> **Directions for this task**
Repeat the listing below line by line, exactly, leaving its pictures behind.
======== Raw data ========
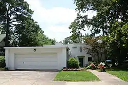 The Werner Knoop House is a historic house at 6 Ozark Point in Little Rock, Arkansas. Built in 1936–37, it is a rare example of Art Moderne residential architecture in the city. It is a two-story L-shaped structure, its exterior finished in brick with flush mortar joints and painted white, with asymmetrically arranged steel-frame windows in a variety of sizes and shapes. Its entrance is recessed in a rectangular opening framed by stone, immediately to the right of the projecting two-car garage. The house was built for Werner Knoop, owner of a local construction company, to a design by the local firm Brueggeman, Swaim & Allen.[2]
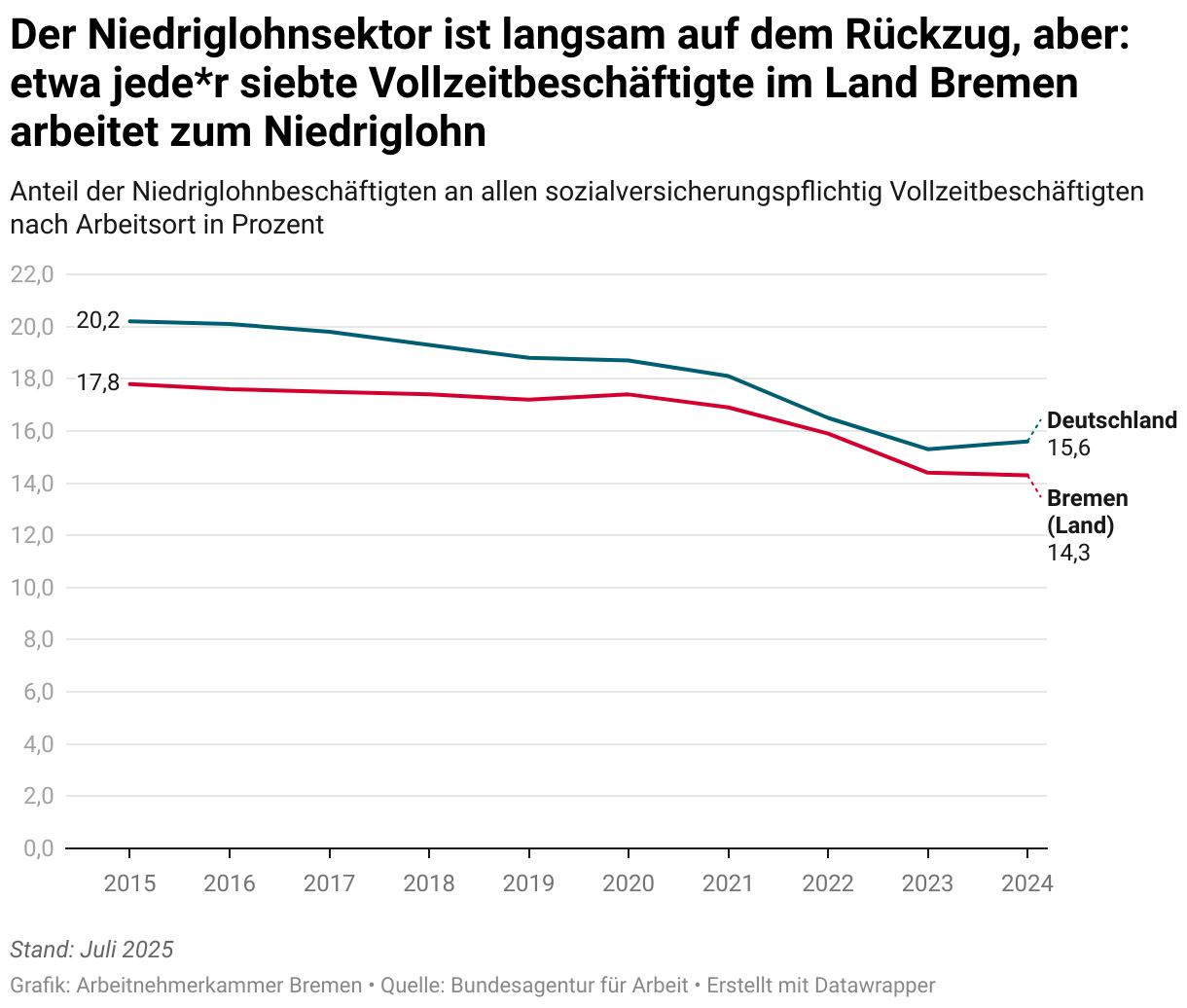 Anteil der Niedriglohnbeschäftigten an allen sozialversicherungspflichtig Vollzeitbeschäftigten nach Arbeitsort in Prozent
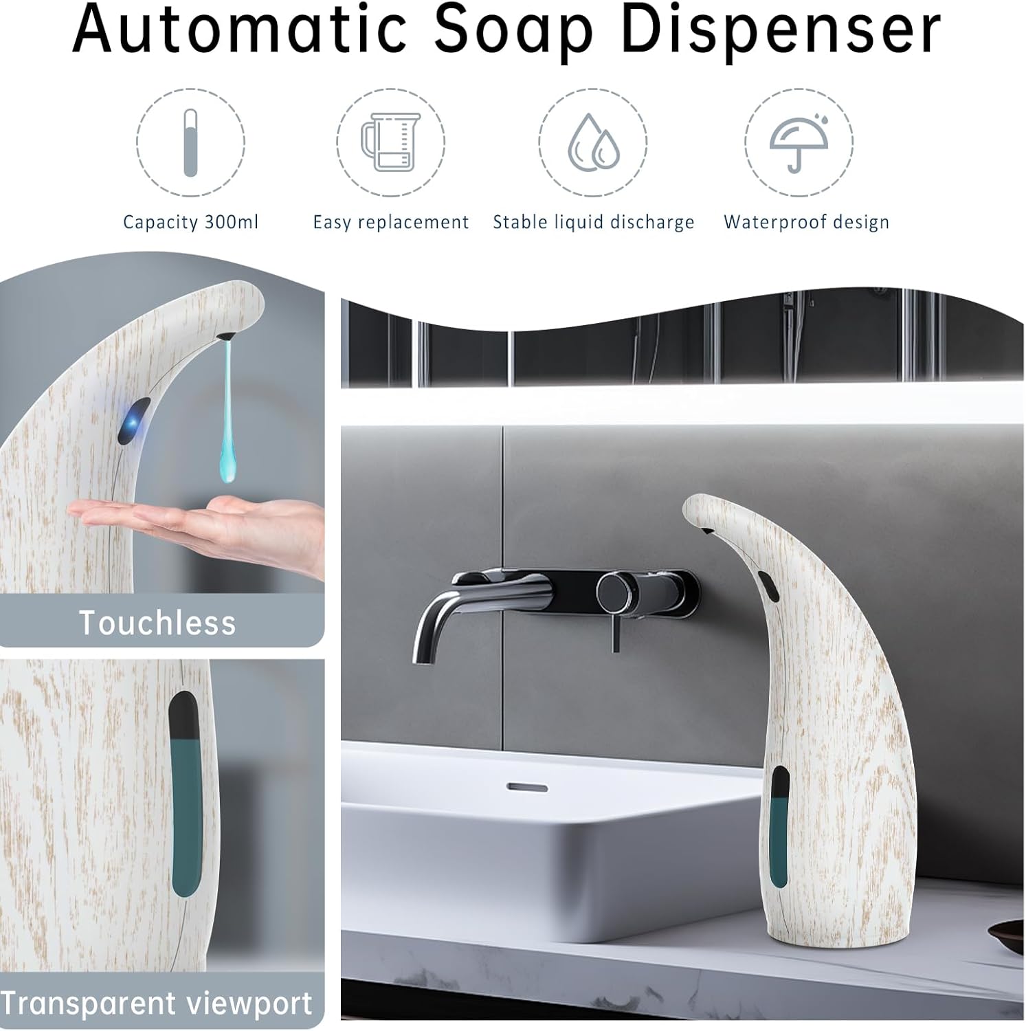 - 【Elegant Woodgrain Design】This plastic soap dispenser features a premium woodgrain finish that adds natural warmth to any space. The auto hand soap dispenser blends beautifully with farmhouse, modern or traditional decors while being easy to clean and maintain. Its scratch-resistant surface stays looking new even with daily use.
========
> **Task solution**
 The Werner Knoop House is a historic house at 6 Ozark Point in Little Rock, Arkansas. Built in 1936–37, it is a rare example of Art Moderne residential architecture in the city. It is a two-story L-shaped structure, its exterior finished in brick with flush mortar joints and painted white, with asymmetrically arranged steel-frame windows in a variety of sizes and shapes. Its entrance is recessed in a rectangular opening framed by stone, immediately to the right of the projecting two-car garage. The house was built for Werner Knoop, owner of a local construction company, to a design by the local firm Brueggeman, Swaim & Allen.[2]
 Anteil der Niedriglohnbeschäftigten an allen sozialversicherungspflichtig Vollzeitbeschäftigten nach Arbeitsort in Prozent
 - 【Elegant Woodgrain Design】This plastic soap dispenser features a premium woodgrain finish that adds natural warmth to any space. The auto hand soap dispenser blends beautifully with farmhouse, modern or traditional decors while being easy to clean and maintain. Its scratch-resistant surface stays looking new even with daily use.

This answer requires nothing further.